When you arrive at the facility, you may be given additional enemas to complete the cleaning of your colon. You will be asked to remove dentures or glasses. If you wear contact lenses, make arrangements for their safekeeping. Do not wear makeup or jewelry on the day of your procedure.
A polypectomy may be done by a gastroenterologist (a doctor who specializes in diagnosing and treating diseases of the digestive tract) or by a colorectal surgeon. The actual removal of the lesion itself is painless because the bowel nerves are only sensitive to stretching. You will be given medication to make you drowsy and comfortable, and you probably won’t even remember much about the procedure.
You will be positioned comfortably on your side, with your knees slightly bent. The physician will insert the colonoscope into your anus, and using a TV monitor will gradually advance the instrument up the colon, carefully examining the wall as the tube travels upward. When the tip of the colonoscope reaches the suspect area, the physician will identify and remove the polyp.
If the lesion is shaped like a mushroom, the excision is done by passing a wire snare down the colonoscope, looping it around the stalk, and tightening the snare. Then an electric current is passed through the wire. This coagulates the blood vessels and cuts through the stalk. After removal, the polyp is sent to the pathology laboratory for microscopic examination.
If the cancer is a superficial lesion (shaped like a mound, rather than the usual mushroom), the physician will use other tools to remove the cancerous tissue from the surface of the bowel, being careful not to leave cancerous cells behind.
For select, very early rectal cancers, your surgeon may recommend a transanal excision. Transanal excision involves cutting through layers of the rectum to remove the cancer, as well as some of the surrounding normal rectal tissue. The procedure can be done through the anus, and leaves the rectum itself intact.
After the Procedure
Following a polypectomy, you will remain in the recovery area for about an hour. The length of time you will be at the clinic varies for each patient. It depends on the bowel preparation, the procedure and your recovery time. The average procedure and recovery time is about two hours.
Your doctor will discuss the results of your examination before you leave the recovery room.
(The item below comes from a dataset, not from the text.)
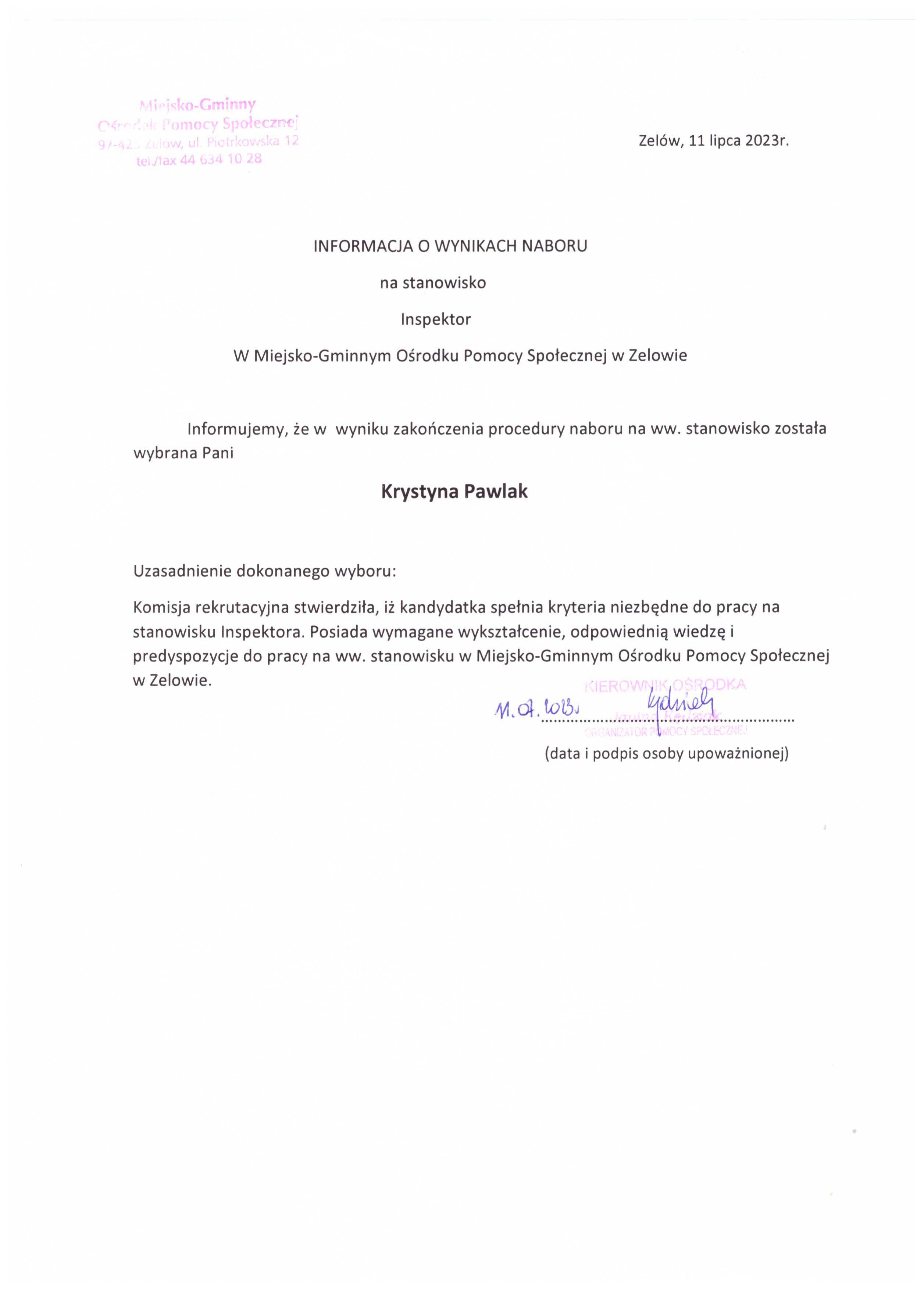Dokumenty w zamkniętej kopercie z podanym imieniem, nazwiskiem i adresem zwrotnym kandydata oraz telefonem kontaktowym, zatytułowanej „Nabór na stanowisko Inspektora” należy składać osobiście w Miejsko-Gminnym Ośrodku Pomocy Społecznej w Zelowie, ul. Piotrkowska 12, pok. 7 w terminie do 30 czerwca 2023 r. do godz. 14:00.

You may want a family member present when the doctor discusses these results, since your memory might still be affected by the medication you received prior to the procedure.
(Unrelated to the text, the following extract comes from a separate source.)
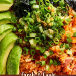 - Garnish and serve. Top the mixture with sliced avocado and finely sliced green onions. Serve immediately with nori sheets if desired.
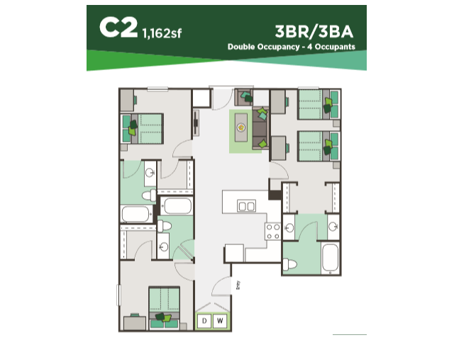 C2 - Plano 1 Unidad de apartamento: Double Occupancy - Shared Bedroom & BathModelo de apartamento: C2$8253 Dormitorios, 3 Baños, 1248 sq ftDisponible AhoraUnidad de apartamento: Private BedroomModelo de apartamento: C2$1,4153 Dormitorios, 3 Baños, 1248 sq ftDisponible AhoraPlano: C1

You will be given specific instructions to follow, and a list of symptoms for which you should call the physician. Because it may take a while for you to be fully awake enough to drive a car, you will need a friend or relative to accompany you to the hospital to drive you home after the procedure.
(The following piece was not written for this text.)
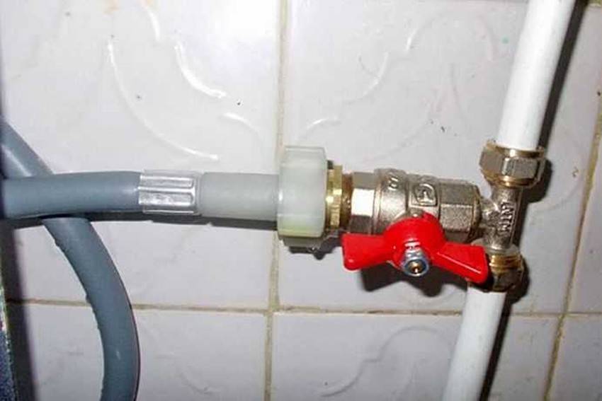 При наличии в доме пластикового трубопровода понадобится специальный инструмент для спаивания крепежей труб с переходниками и фитинги. На трубе с холодной водой устанавливают тройник. К нему через запорный кран подсоединяют шланг, который подает воду в аппарат.

If you have a transanal excision, your recovery and discharge may be different from what you could have expected if you had a polypectomy. A transanal excision is often performed in a hospital, under general anesthesia, rather than under local sedation. Depending on the extent of the excision and your health, you may need to stay one or more nights in the hospital.
If your tumor is removed by either polypectomy or transanal excision, it is very important to remember that depending upon what the final pathology report says, your physicians may recommend further treatment, such as radiation therapy, chemotherapy, or more extensive surgery.
As with any surgical procedure, there are risks associated with local excision and polypectomy. Before surgery, your physician will describe to you in detail the complications that are possible given your particular health situation.
One possible but rare complication of local resection is perforation of the bowel. This may require open surgery, probably through the wall of the abdomen. Sometimes there is prolonged bleeding from the excision site, but the bleeding generally stops with no additional surgery. In any case, don’t hesitate to call your physician if you experience any symptoms that you didn’t expect.